Please retype all of the entries that follow, leaving the images out.
Given data section start
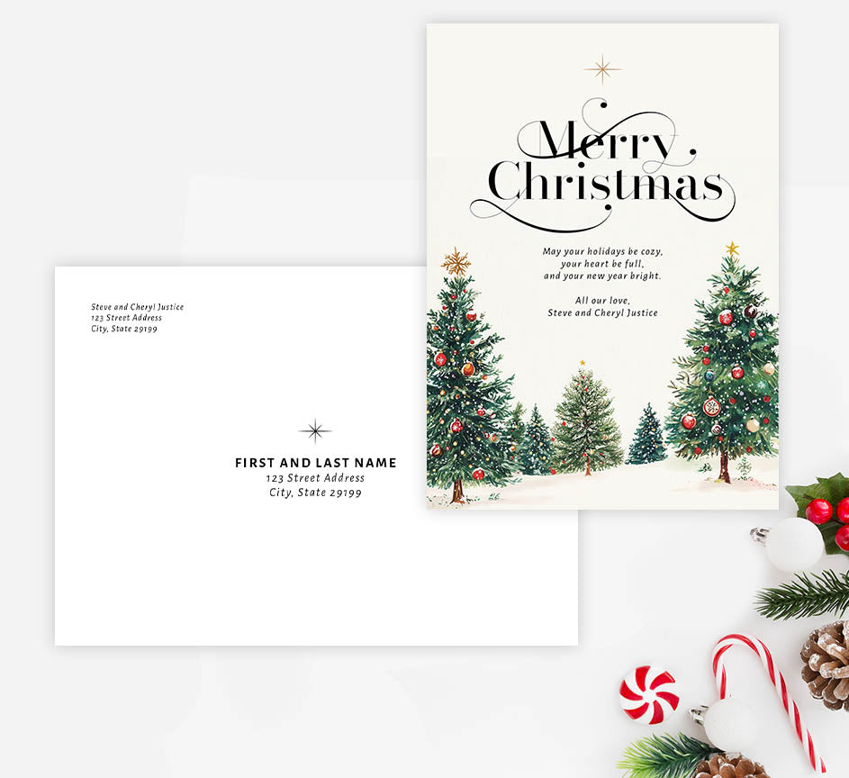 Card Details: Printed size is 5in x 7in (portrait) or 7in x 5in (landscape) and includes white envelopes with your address printed! We print high quality, full-color, full-bleed, one sided printing on matte 100lb paper. SKU# HolCrd10095.
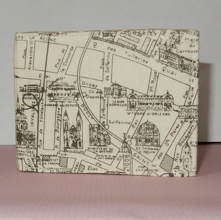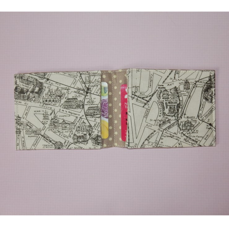 This French themed wallet is great for travel cards, Oyster cards, bus pass or even credit cards. It measures approx. 3.5 x 3 inches folded and 7.5 inches open. It is made with fabric featuring a map of Paris and it is lined in spotted linen effect fabric.
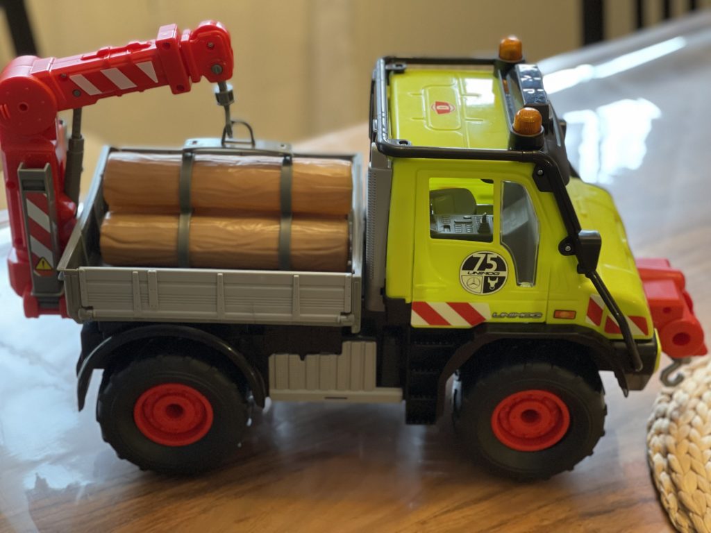 Beim Auspacken des Paketes war schon klar „Wow, das ist ein großer Truck“ ! Das bestätigte sich auch umgehend. So ist der Mercedes Holzlaster 50cm lang. Der Unimog kommt mit sehr vielen beweglichen und elektrischen Teilen sowie mit einigen tollen Sounds.
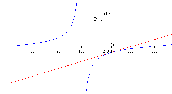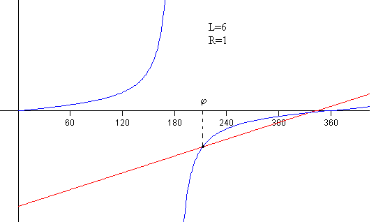 Como vemos en la figura, la recta y=(3/2)(φ-L/R) y la función y=tan(φ/2) se cortan en el punto de tangencia. En el punto de corte la pendiente de la función es 3/2.
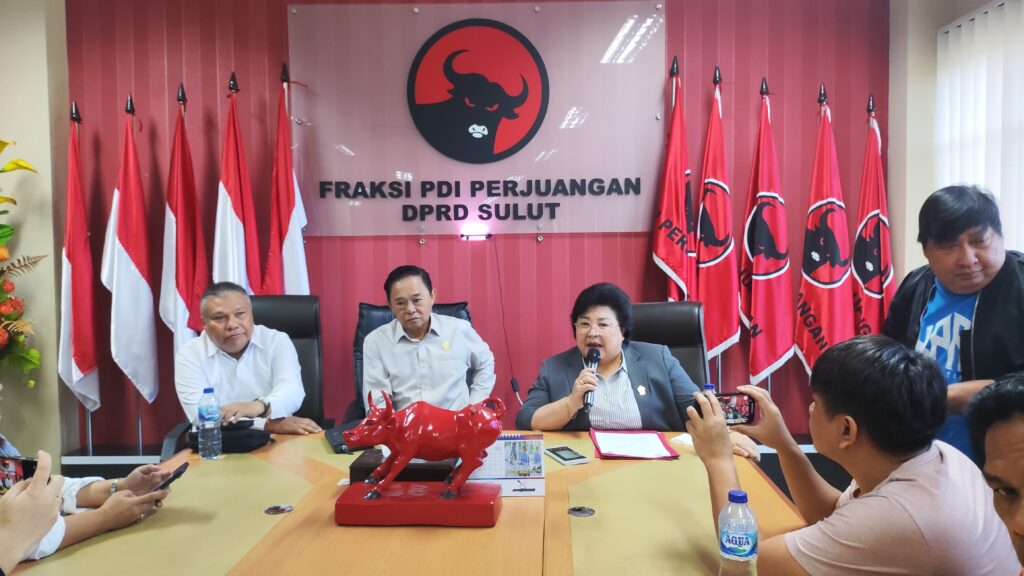 Berty Kapojos sebagai Wakil Ketua Fraksi PDI Perjuangan membacakan langsung sikap fraksi yaitu Fraksi PDI Perjuangan DPRD Provinsi Sulawesi Utara, menyampaikan sikap atas wacana perubahan nama Rumah Sakit ODSK (Optimalisasi Daerah Sehatkan
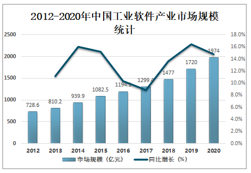 近年來,我國工業軟件取得了長足進步,部分核心軟件技術取得了突破性進展,擁有了部分自主可控的工業軟件產品,培育了中望龍騰、山大華天、數碼大方、安世亞太、同元軟控、華大九天、用友、浪潮、金蝶、和利時、中控等一批國內工業軟件供應商,個別類別軟件和少量單點技術達到國際先進水平。但是我國工業軟件仍處于較多關鍵核心技術缺失,由引進應用向自主研發轉換、技術迭代能力建立的關鍵階段。2020年中國工業軟件產業市場規模達1974億元,較2019年增加了254億元,同比增長14.8%。
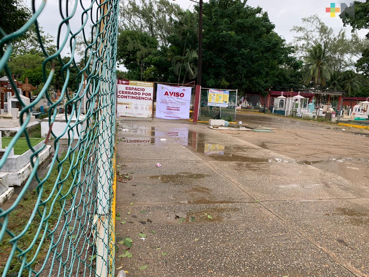 Coatzacoalcos, Ver.- Este 2 de noviembre los panteones como el Antiguo Municipal, lucieron vacíos por su cierre derivado de la pandemia de coronavirus y la lluvia.
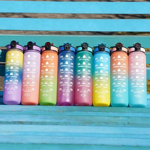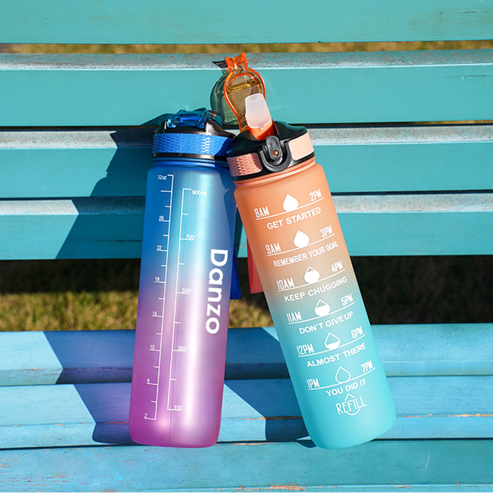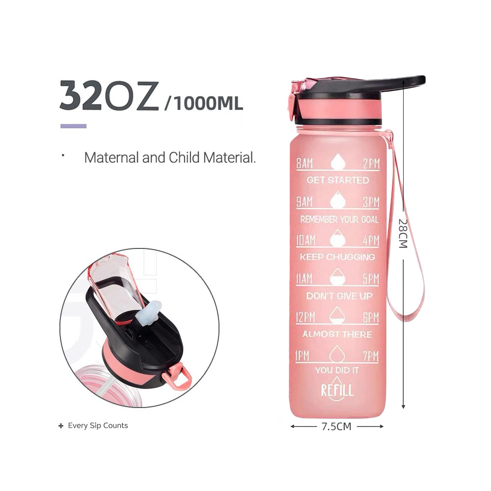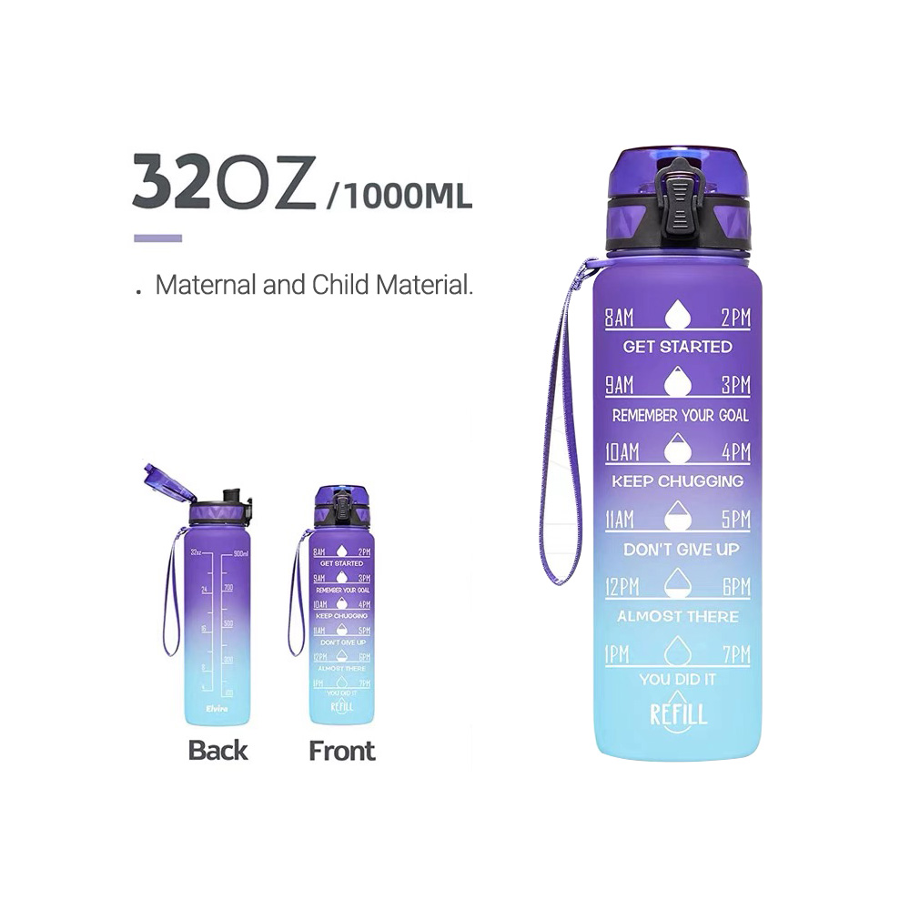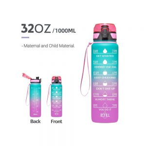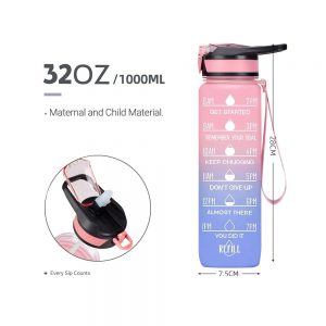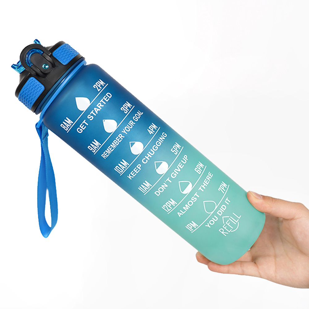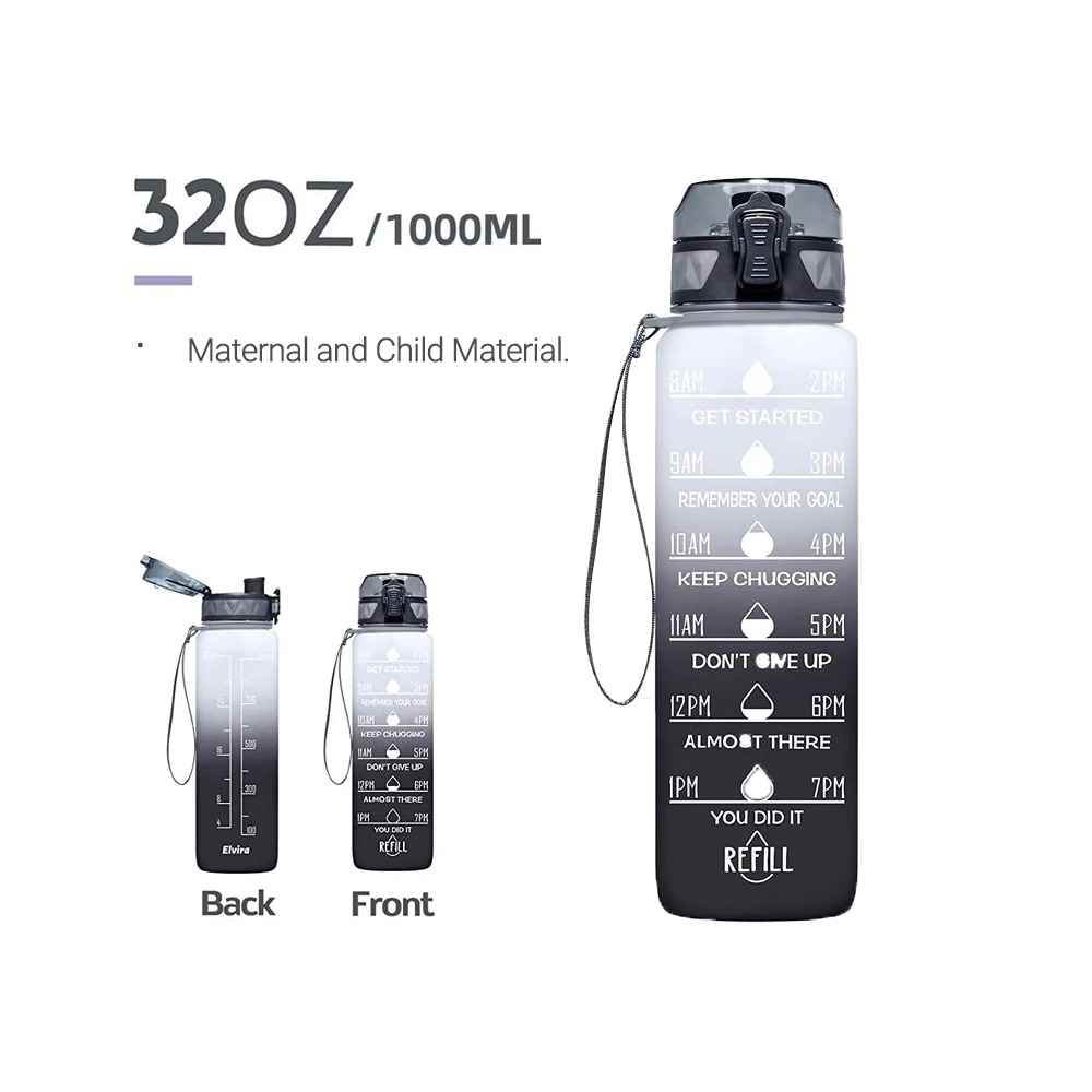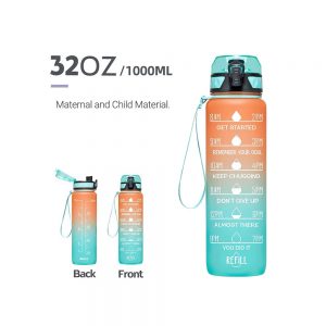 1L Water Bottle Motivational Drink Flask With Time Markings BPA Free Sport Gym
Given data section end
### Your solution
 Card Details: Printed size is 5in x 7in (portrait) or 7in x 5in (landscape) and includes white envelopes with your address printed! We print high quality, full-color, full-bleed, one sided printing on matte 100lb paper. SKU# HolCrd10095.
 This French themed wallet is great for travel cards, Oyster cards, bus pass or even credit cards. It measures approx. 3.5 x 3 inches folded and 7.5 inches open. It is made with fabric featuring a map of Paris and it is lined in spotted linen effect fabric.
 Beim Auspacken des Paketes war schon klar „Wow, das ist ein großer Truck“ ! Das bestätigte sich auch umgehend. So ist der Mercedes Holzlaster 50cm lang. Der Unimog kommt mit sehr vielen beweglichen und elektrischen Teilen sowie mit einigen tollen Sounds.
 Como vemos en la figura, la recta y=(3/2)(φ-L/R) y la función y=tan(φ/2) se cortan en el punto de tangencia. En el punto de corte la pendiente de la función es 3/2.
 Berty Kapojos sebagai Wakil Ketua Fraksi PDI Perjuangan membacakan langsung sikap fraksi yaitu Fraksi PDI Perjuangan DPRD Provinsi Sulawesi Utara, menyampaikan sikap atas wacana perubahan nama Rumah Sakit ODSK (Optimalisasi Daerah Sehatkan
 近年來,我國工業軟件取得了長足進步,部分核心軟件技術取得了突破性進展,擁有了部分自主可控的工業軟件產品,培育了中望龍騰、山大華天、數碼大方、安世亞太、同元軟控、華大九天、用友、浪潮、金蝶、和利時、中控等一批國內工業軟件供應商,個別類別軟件和少量單點技術達到國際先進水平。但是我國工業軟件仍處于較多關鍵核心技術缺失,由引進應用向自主研發轉換、技術迭代能力建立的關鍵階段。2020年中國工業軟件產業市場規模達1974億元,較2019年增加了254億元,同比增長14.8%。
 Coatzacoalcos, Ver.- Este 2 de noviembre los panteones como el Antiguo Municipal, lucieron vacíos por su cierre derivado de la pandemia de coronavirus y la lluvia.
 1L Water Bottle Motivational Drink Flask With Time Markings BPA Free Sport Gym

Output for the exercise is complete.